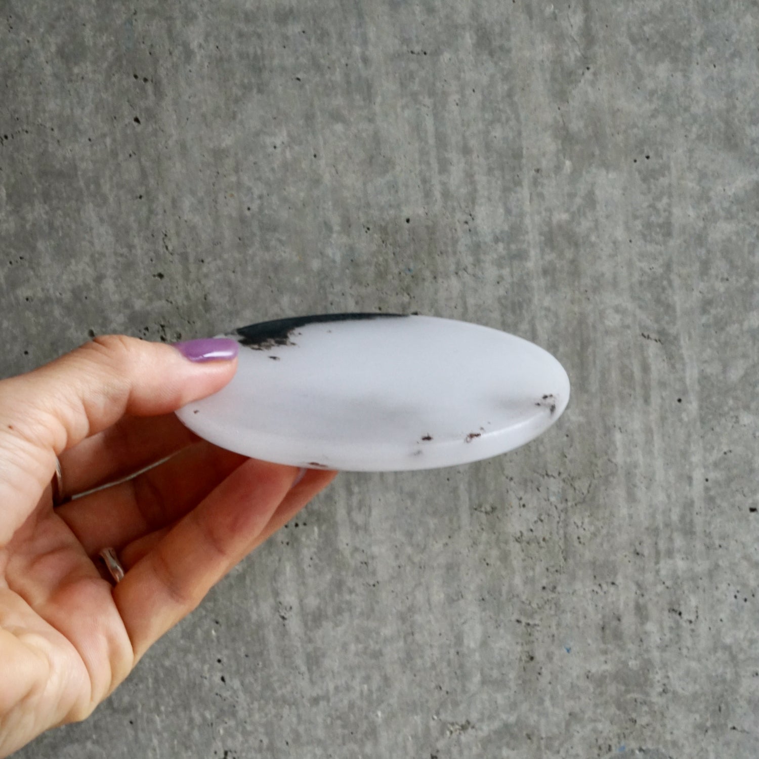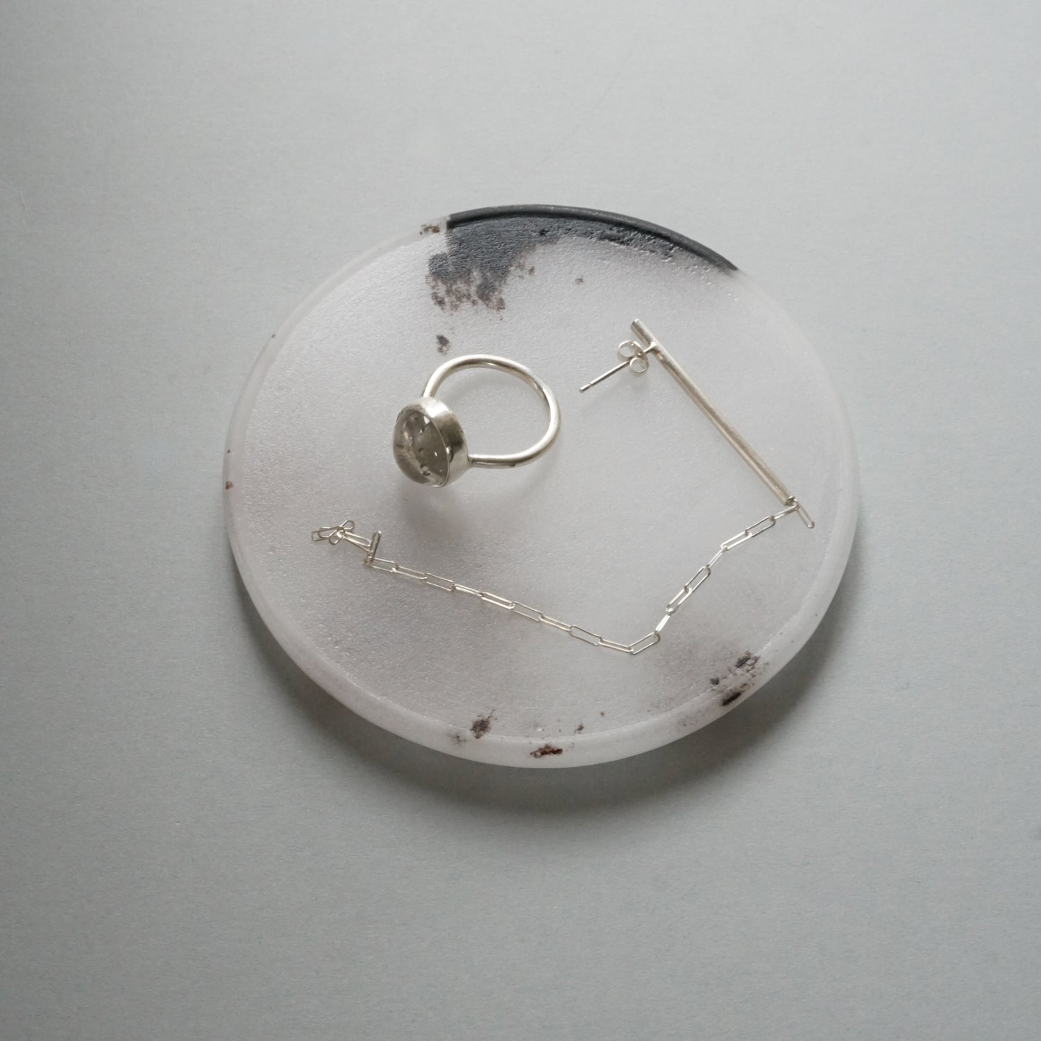 フラットでごくシンプルなフォルムで素材の美しさが際立ちます。かすかなゆらぎのあるラインで構成されていて一点ものならではの味わいがあります。水墨画のようなにじみが美しく絵画のようです。
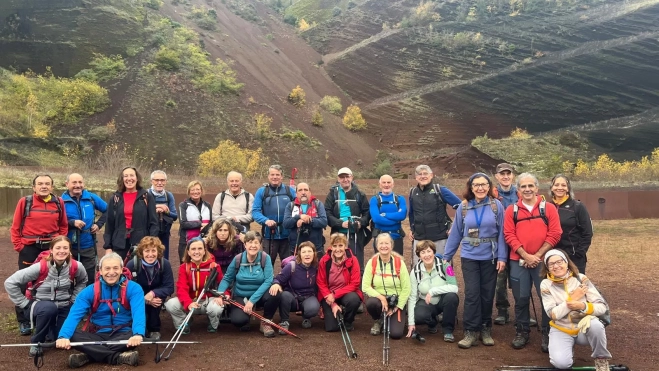 Veintisiete montañeros y montañeras partíamos ese día, bajo un cielo nublado, desde Can Serra, hacia el Este, camino del Volcán del Croscat. Su ladera, tallada por una cantera, y recuperada con mimo posteriormente nos permite observar la gama de ocres de los estratos formados en mil erupciones. Girando hacia el sur, y caminando entre carrascales, robledales, masías y verdes campos de labor de tierra nos dirigimos al volcán. Ascendemos una de sus caras y nos adentramos en su cráter. En él, el bosque que cubre sus laderas da paso a una llanura de tierra negra, en cuyo centro se sitúa la ermita que le da nombre. De origen románico, destruida en el terremoto de Olot de 1427, y reconstruida a principios del siglo XX, su objetivo, dicen, era clausurar con ese lugar sagrado la puerta del infierno, para que no se abriese en otra erupción. Seguiremos nuestra circular hacia la iglesia -también de origen románico, aunque muy transformada, de Sant Miquel Sacot. La preciosa Fageda (hayedo) d'en Jordà, que se extiende muchas hectáreas sobre un terreno ondulado, pero casi llano será un gran broche final para esta ruta, diversa, variada y preciosa. Además, pese a lo previsto, no ha llovido. Hemos recorrido 14 km y subido unos 500 m de desnivel.
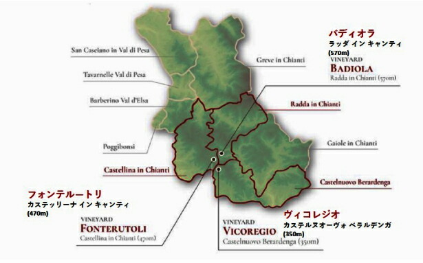 これらのサブゾーンで造られるグラン セレツィオーネは3本とも実にテロワールの違いが表現されています。カステッロ フォンテルートリは骨格と複雑さのバランス、バディオラは素晴らしいエレガントさ、ヴィコレジオは力強い凝縮感が与えられます。
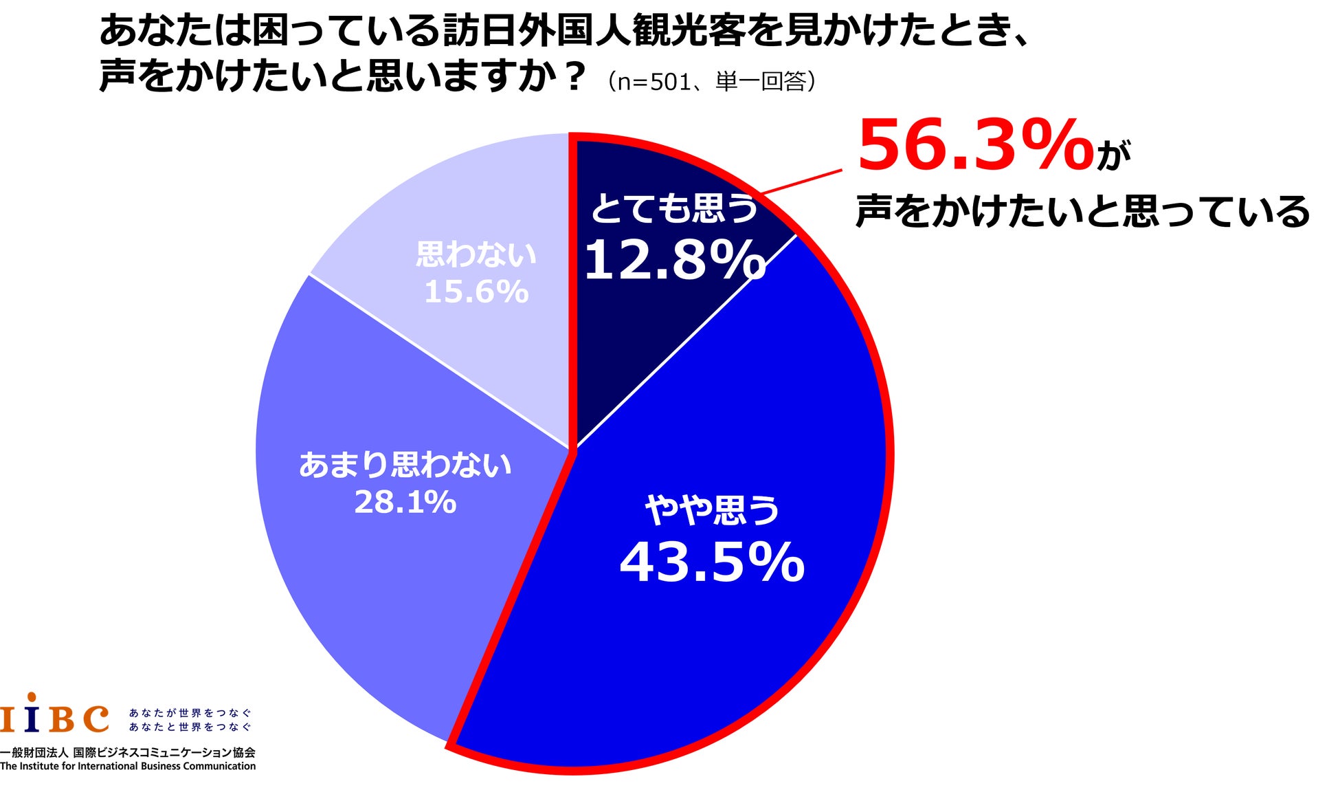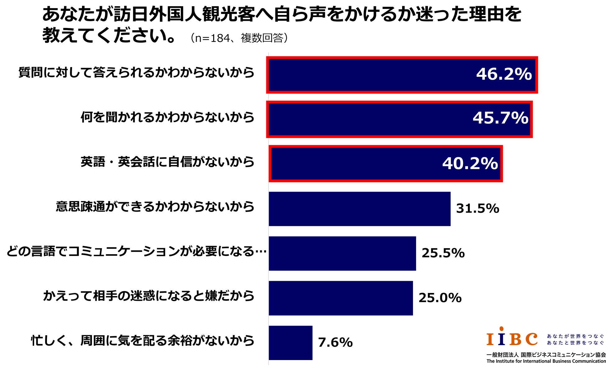 声をかけるか迷った理由としては、「質問に対して答えられるかわからないから」(46.2%)、「何を聞かれるかわからないから」(45.7%)、「英語・英会話に自信がないから」(40.2%)となり、困りごとに対して自分が答えられるかどうか、不安に思っている人が多いようです。
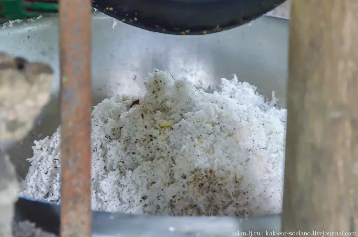 При необходимости, если оператор кокосовыжимательного аппарата считает, что молока в ведре мало, добавляет воды в мешок с кокосовой стружкой.
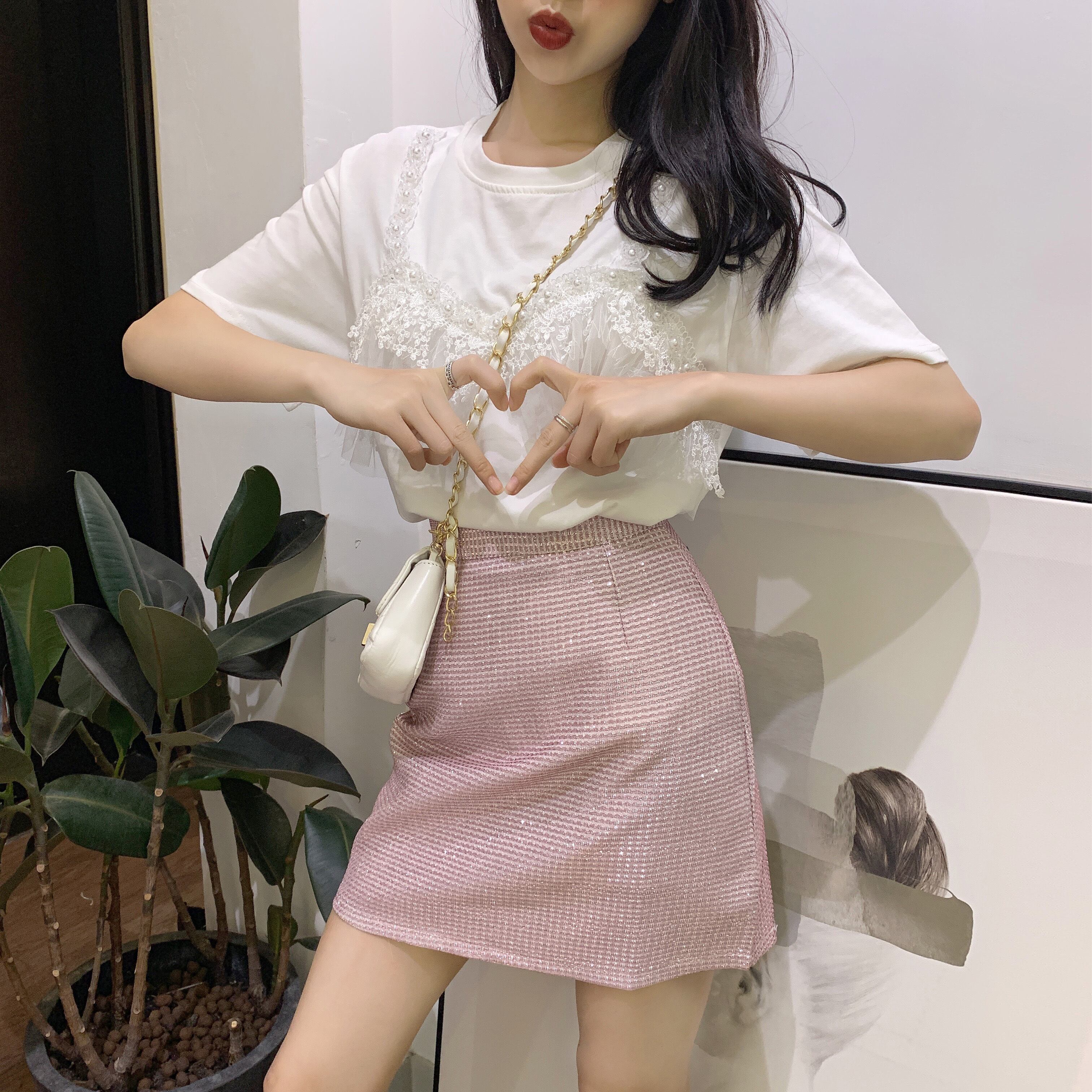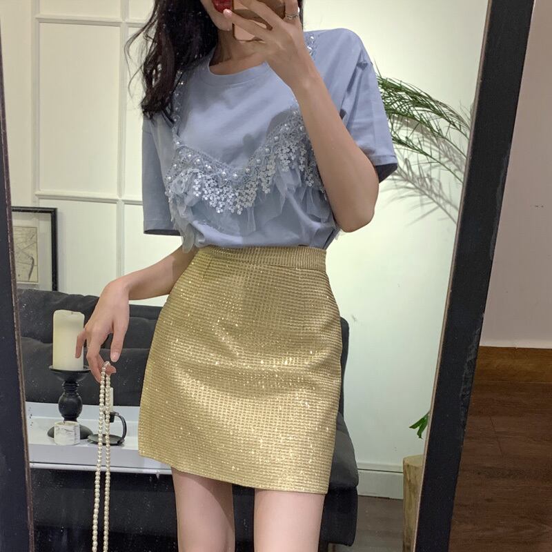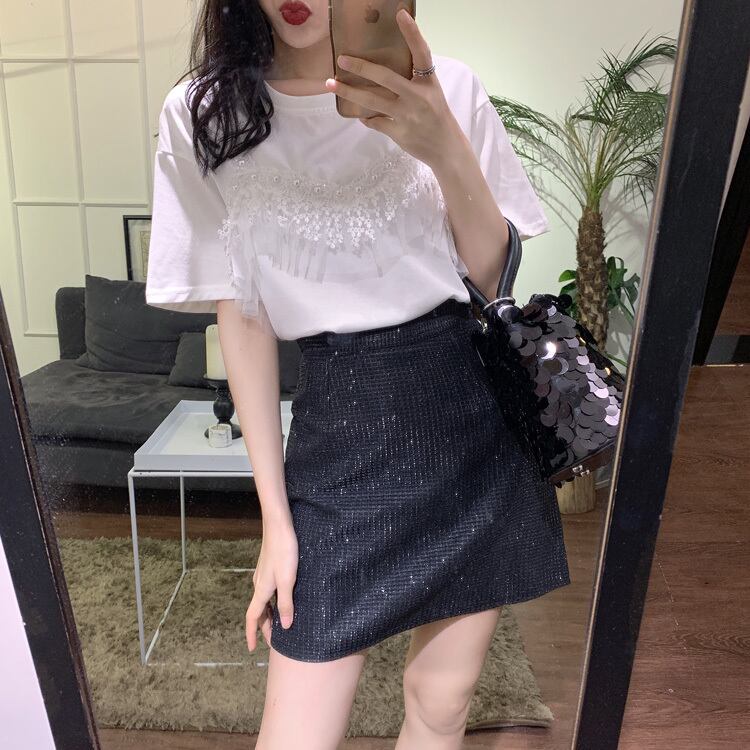 半袖2020新しいルーズネットレッドTシャツ女性インスーパーファッションレースステッチフェイクツーピースカジュアルトップ 1号婦人29467815597
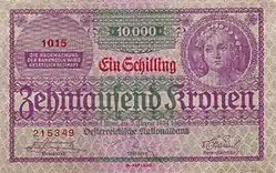 Weiter bestehende enorme Budgetdefizite in Deutschösterreich (unter anderem zur Subventionierung der Lebensmittel) und Währungsspekulationen trieben die Inflation weiter an, die mit eigenen Mitteln nicht zu stoppen war. Der Wert der Papierkrone gegenüber der Goldkrone fiel bis August 1922 auf 14.400 : 1.[7] Bundeskanzler Ignaz Seipel benötigte 1922 ausländische Hilfe und einen international überwachten strikten Sparkurs, damit die Staatsfinanzen wieder ins Lot gebracht werden konnten. Als dies gelang, bereitete die Bundesregierung Seipel I 1924 die Einführung der Schillingwährung vor. Diese Währungsreform wurde vom Nationalrat am 20. Dezember 1924, einen Monat nach dem Rücktritt Seipels, beschlossen und mit 1. März 1925 realisiert (In der folgenden mehrmonatigen Übergangszeit wurden österreichische Kronen noch akzeptiert). Der Wert eines Schillings entsprach 10.000 „Papierkronen“.
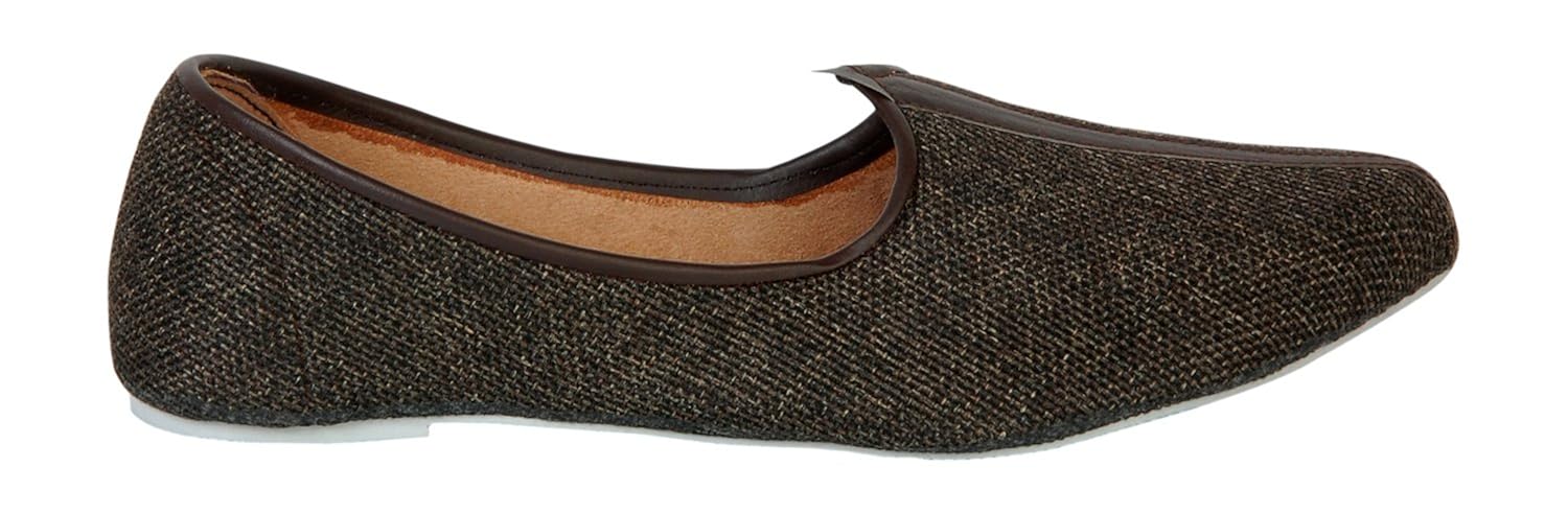 This product is made from synthetic material on the outside and leather on the inside and is finished in an attractive brown color. It features rubber sole, slip on closure, and are designed to be used as traditional wear footwear. |
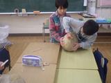 】図工 先週、段ボールを貼り付けた風船を割り、半分に切ったものを使って作品作りをしました。完成したものの写真が撮れていないので後日紹介します。
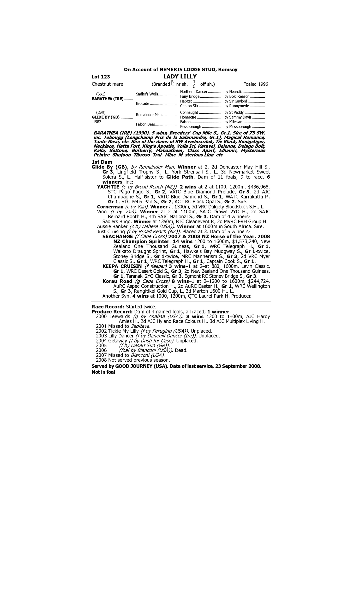 Lot 122 has pedigree updates since the release of the catalogue.
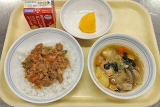 献立:豚丼 牛乳 三平汁 くだもの産地:〇たまねぎ・・・北海道 〇にんじん・・・北海道 〇ねぎ・・・青森 〇えのき・・・長野 〇しょうが・・・高知 〇いんげん・・・群馬 〇だいこん・・・北海道 〇ごぼう・・・鹿児島 〇じゃがいも・・・北海道 〇小松菜・・・埼玉 〇柿・・・奈良
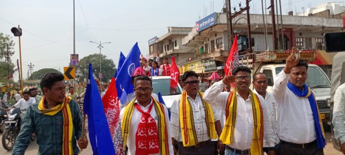 शेतकरी कामगार पक्षाच्या आदिवासी,भटके – विमुक्त आघाडीचे प्रदेशाध्यक्ष भाई रामदास जराते, भाई शामसुंदर उराडे, जिल्हा सरचिटणीस संजय दुधबळे, आझाद समाज पक्षाचे जिल्हा प्रभारी धर्मानंद मेश्राम, जिल्हाध्यक्ष राज बन्सोड, कार्याध्यक्ष विनोद मडावी, जिल्हा महासचिव पुरुषोत्तम रामटेके, चामोर्शी तालुकाध्यक्ष रघुनाथ वासेकर, शेकापच्या महिला जिल्हाध्यक्षा कविता ठाकरे, पोर्णिमा खेवले, शेतकरी आघाडीचे जिल्हाध्यक्ष गोविंदा बाबनवाडे, कामगार आघाडीचे जिल्हाध्यक्ष पवित्र दास, भटके विमुक्त आघाडीचे जिल्हाध्यक्ष डंबाजी भोयर, आदिवासी आघाडीचे जिल्हाध्यक्ष रामदास आलाम, शिक्षक आघाडीचे जिल्हाध्यक्ष शर्मिश वासनिक, भाई अक्षय कोसनकर यांच्या नेतृत्वात शेतकरी कामगार पक्षाचे कार्यालयापासून लाल – निळे झेंडे घेऊन रॅली काढण्यात आली.
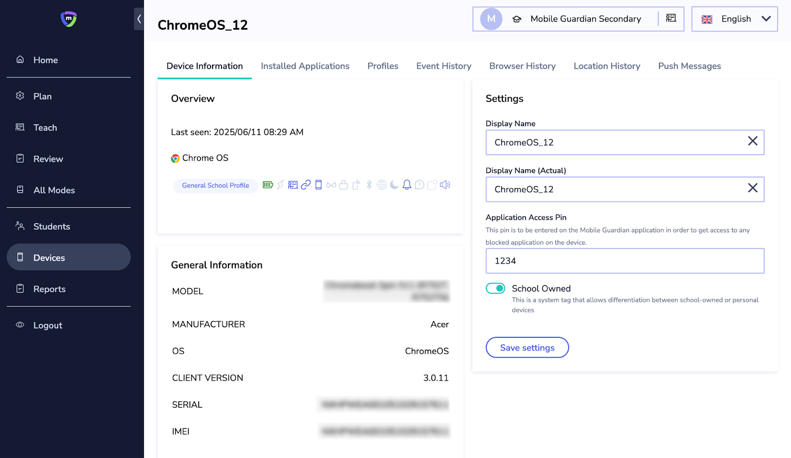 - Device Information. View current device settings, e.g. whether the device is supervised, ownership status, whether alert notifications are enabled or not, operating systems information etc.
-=-=-
▶ _Try it_: Write out again, word for word, only the lines from the one with "शेतकरी कामगार पक्षाच्या" through the last line of the material, and omit each picture.

▶ _Result of the exercise_:
 शेतकरी कामगार पक्षाच्या आदिवासी,भटके – विमुक्त आघाडीचे प्रदेशाध्यक्ष भाई रामदास जराते, भाई शामसुंदर उराडे, जिल्हा सरचिटणीस संजय दुधबळे, आझाद समाज पक्षाचे जिल्हा प्रभारी धर्मानंद मेश्राम, जिल्हाध्यक्ष राज बन्सोड, कार्याध्यक्ष विनोद मडावी, जिल्हा महासचिव पुरुषोत्तम रामटेके, चामोर्शी तालुकाध्यक्ष रघुनाथ वासेकर, शेकापच्या महिला जिल्हाध्यक्षा कविता ठाकरे, पोर्णिमा खेवले, शेतकरी आघाडीचे जिल्हाध्यक्ष गोविंदा बाबनवाडे, कामगार आघाडीचे जिल्हाध्यक्ष पवित्र दास, भटके विमुक्त आघाडीचे जिल्हाध्यक्ष डंबाजी भोयर, आदिवासी आघाडीचे जिल्हाध्यक्ष रामदास आलाम, शिक्षक आघाडीचे जिल्हाध्यक्ष शर्मिश वासनिक, भाई अक्षय कोसनकर यांच्या नेतृत्वात शेतकरी कामगार पक्षाचे कार्यालयापासून लाल – निळे झेंडे घेऊन रॅली काढण्यात आली.
 - Device Information. View current device settings, e.g. whether the device is supervised, ownership status, whether alert notifications are enabled or not, operating systems information etc.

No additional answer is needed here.